Pre-trial detention shall not exceed three months for offences punishable by a short term of imprisonment (from one month and a day to six months) [arresto mayor], one year for offences punishable by a medium term of imprisonment (from six months and a day to six years) [prisión menor] and two years for offences carrying a higher sentence. In the latter two cases, if circumstances exist that lead the court to believe that the case cannot be tried within those time-limits and that there is a risk that the accused will abscond, the period of pre-trial detention may be extended to two years and four years respectively. Any such extension shall be made by order after the accused and a representative from the public prosecutor’s office have been heard.”

2.  Regulations governing detention for the purposes of extradition

Section 10(3) of Law no. 4/85 of 21 March 1985 on extradition

“Subject to the provisions of this Act, the maximum period for which a person may be detained with a view to his or her extradition and the rights guaranteed to him or her while detained shall be governed by the relevant provisions of the Code of Criminal Procedure.”


Relying on Article 6 § 1 of the Convention, the applicant maintained that he had been denied a fair hearing.
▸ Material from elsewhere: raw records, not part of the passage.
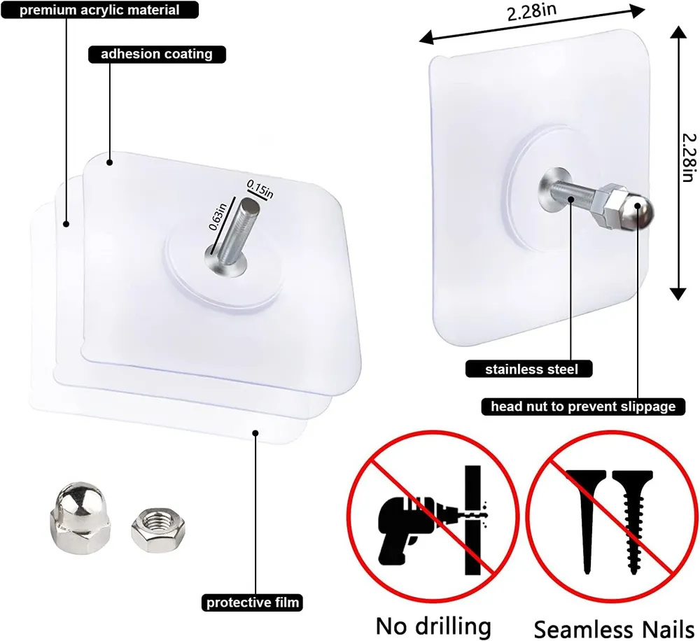 ABS Nail Free Seamless Adhesive Non-Trace No Drilling Installation Hanging,Adhesive Hooks for Wall Heavy Duty Wall Hook Waterproof Stick on Adhesive S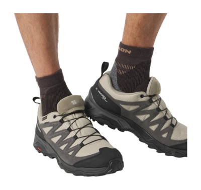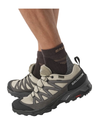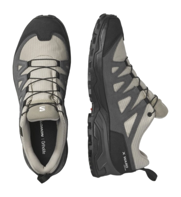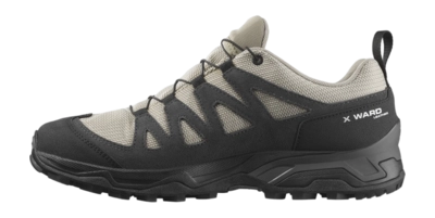 De Salomon X Ward Leather GTX is een hoogwaardige wandelschoen van het merk Salomon. De schoen heeft een upper van leer en textiel. De voering en binnenzool zijn gemaakt van 100% textiel en de buitenzool is vervaardigd uit 100% rubber. De schoen heeft een drop van 11 mm en een stack hoogte van 19 mm bij de hiel en 8 mm bij de voorvoet. Met een gewicht van 345 g en een standaard breedte is de schoen geschikt voor gemiddelde trails. De zachte en ademende voering biedt extreem comfort, terwijl het GORE-TEX membraan de schoen waterdicht en ademend maakt. Het bovenwerk is voorzien van een speciale waterafstotende behandeling en de Mud Contagrip buitenzool biedt duurzaamheid en grip op droge, natte, harde of losse oppervlakken. Het Advanced Chassis is een gevormd inzetstuk in de buitenzool dat zorgt voor ondersteuning en flexibiliteit, terwijl SensiFit zorgt voor een perfecte aansluiting op de voet. De schoen heeft Chevron Lugs buitenzolen voor grip in elke richting en een EnergyCell tussenzool van hoogwaardig EVA-schuim voor een uitstekende schokdemping. Het Suede leer zorgt voor een langere levensduur en de OrthoLite sockliner biedt demping, ademend vermogen en duurzaamheid. Het Quicklace systeem maakt het makkelijk om de schoen vast te maken. Deze wandelschoen is geschikt voor heren die op zoek zijn naar een comfortabele en duurzame schoen voor gemiddelde trails.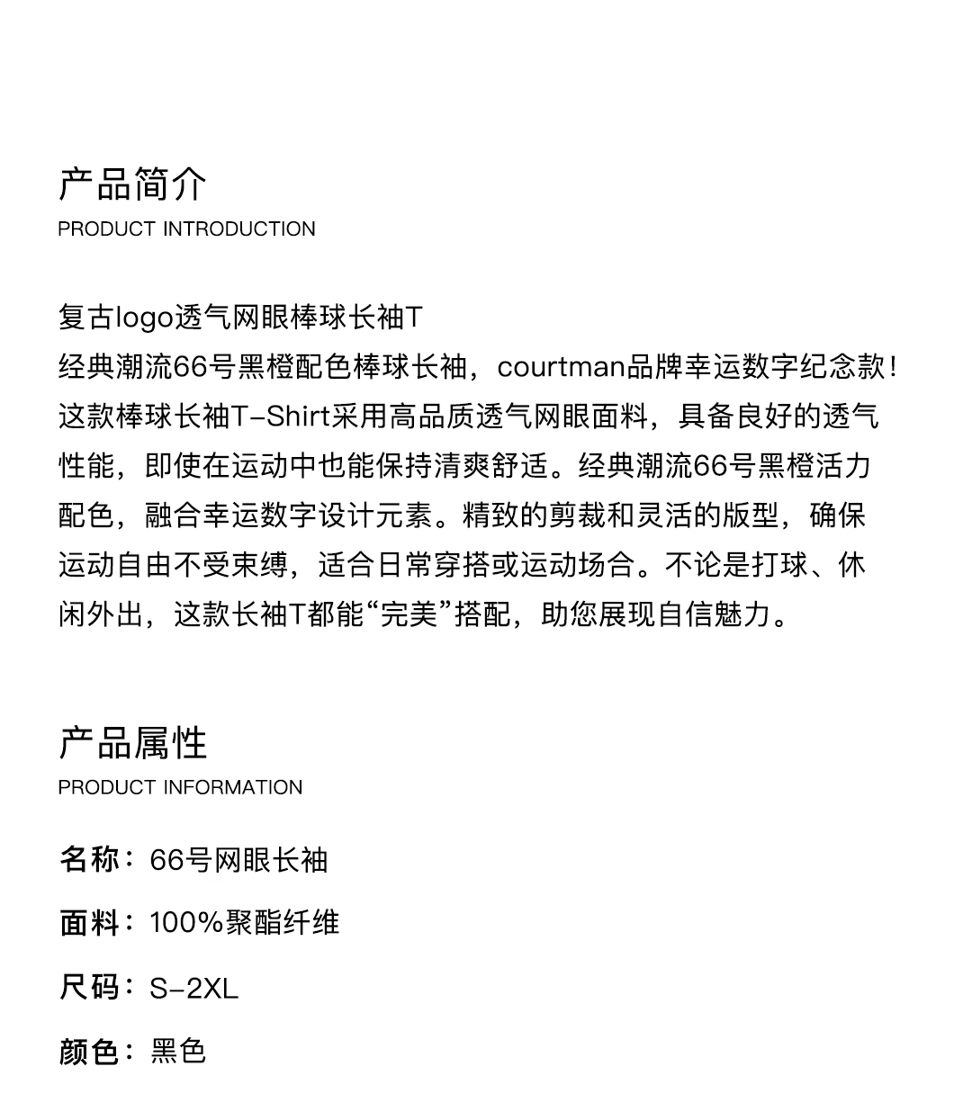 COURTMAN野球帝 66号数字上衣投篮服网眼长袖T恤健身运动男训练服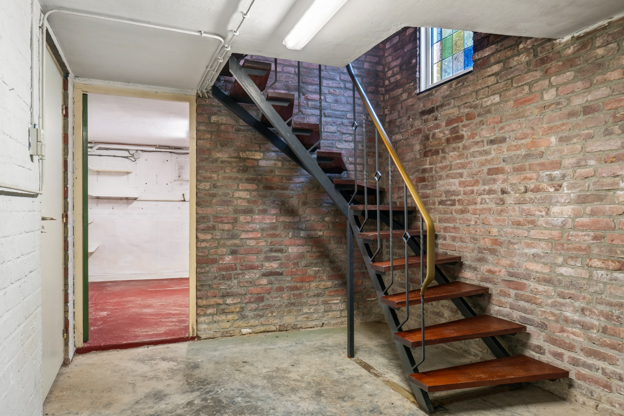Via de overloop in het souterrain bereik je de garage en de kelderruimte. De garage biedt directe toegang tot de oprit en leidt tevens naar de cv-ruimte waar de cv-ketel zich bevindt. Ideaal voor extra opslag, hobbyruimte of het droog en veilig stallen van fietsen en auto.

More particularly, he alleged that his detention pending extradition to France had exceeded the period allowed by Spanish law and that had not been responsible for the delays. He further complained that, unlike the public prosecutor’s office, his lawyer had not been informed of the Audiencia Nacional’s decision of 4 March 1999.


1.  The applicant complained of the length of the extradition proceedings and of the fact that his lawyer had not been informed of one of the decisions that had been delivered. He argued that his right to a fair hearing, as guaranteed by the Article 6 § 1 of the Convention, had thereby been infringed. That provision reads as follows:

“In the determination of his civil rights and obligations or of any criminal charge against him, everyone is entitled to a ... hearing within a reasonable time by [a] ... tribunal ...”

However, the Court reiterates that the right not to be extradited, as such, is not one of the rights and freedoms recognised by the Convention and its Protocols (see K. and F. v. the Netherlands, application no. 12543/86, Commission decision of 2 December 1986, Decisions and Reports (DR) 51, p. 272). Furthermore, extradition proceedings do not concern a dispute (contestation) over an applicant’s civil rights and obligations or the determination of a criminal charge against him or her within the meaning of Article 6 of the Convention (see, among other authorities, Farmakopoulos v. Belgium, application no. 11683/85, Commission decision of 8 February 1990, DR 64, p. 52; B., H. and L. v. Austria, application no. 15776/89, Commission decision of 5 December 1989, DR 64, p. 264; and Raidl v. Austria, application no. 25342/94, Commission decision of 4 September 1995, DR 82-A, p. 134). It follows that this part of the application is incompatible ratione materiae with the provisions of the Convention, within the meaning of Article 35 § 3, and must be rejected pursuant to Article 35 § 4.

For these reasons, the Court unanimously,

Declares the remainder of the application inadmissible.